The image cut away completely.

Nolan found himself back in the villa, alone in the courtyard, heart racing, sweat pearling at his temples.

The surreal half-connection snapped away, leaving only the pounding echo in his chest: He knows. They all know.

He stood motionless, replaying the scene and Yxthul’s words.

The forest, the knights scattered, the students wielding Nolan’s techniques, killing spawn with lethal precision—he hadn’t seen it clearly in the heat of battle. But now he realized: it had to be them. His students.

Fear washed over him with ice water clarity:

Yxthul had just confirmed an invisible bond—a predator picking up the trail of his newly minted prodigies.

Yxthul had said now he would kill them. The voice echoed inside Nolan’s skull: maybe it was him in the carriage, maybe it was them—but whoever it is, they’re next.

He ground his teeth. Anger, adrenaline, guilt, determination coalesced into a fierce resolve. He couldn’t hide anymore.

He couldn’t feign ignorance. He couldn’t let Yxthul murder his students and his allies, or let the dungeon guardian child, his daughter, perish.

The villa walls were silent.

The moon hung high above. Nolan inhaled deeply, pushing down the fear.

Outside, the night breezes whispered. Somewhere, chaos waited.

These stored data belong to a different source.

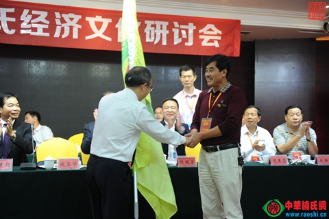 15.饶辉宗亲代表江西分会接过第五届承办会旗
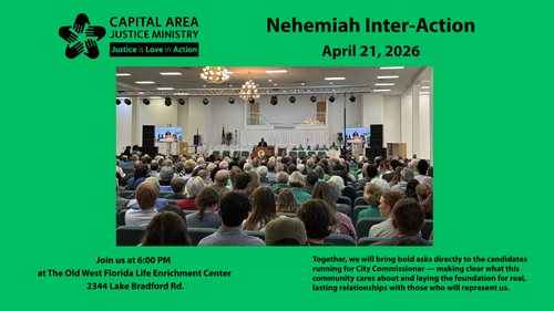 Join us at 6:00 p.m. on April 21 at the Old West Florida Life Enrichment Center, 2344 Lake Bradford Road, for the Nehemiah Inter-Action! Together, we will bring bold asks directly to the candidates running for City Commission — making clear what this community cares about and laying the foundation for real, lasting relationships with those who will represent us. Our goal: 150 Trinity voices in the room. We're offering dinner and carpooling to help make that happen! You can register for dinner and carpooling by clicking the link below.
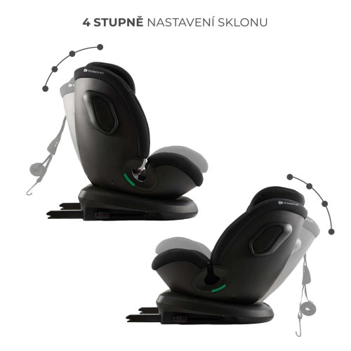 Nastavení sklonu v obou polohách Funkce RECLINING umožňuje nastavení zádové opěrky autosedačky pomocí 4-stupňového nastavení úhlu sklonu sedadla v poloze RWF i FWF, což umožňuje dítěti zaujmout pohodlnou polohu během spánku nebo při aktivitě.

He tightened his cloak and walked toward the villa’s main gate, shoulders braced for a confrontation he knew had to come.

He’d no idea what would happen next—but he knew he would stand for them, for Lirazel, for the new life he’d helped usher in.

If the predator wanted a dance, he’d give it one. If Yxthul wanted war, he’d have a war. And maybe, just maybe, the lone man with an "Internet cheat" had a chance to do more than just survive. He had to.

Nolan stepped onward, into the darkness, heart pounding: "I won’t let them die—on my watch."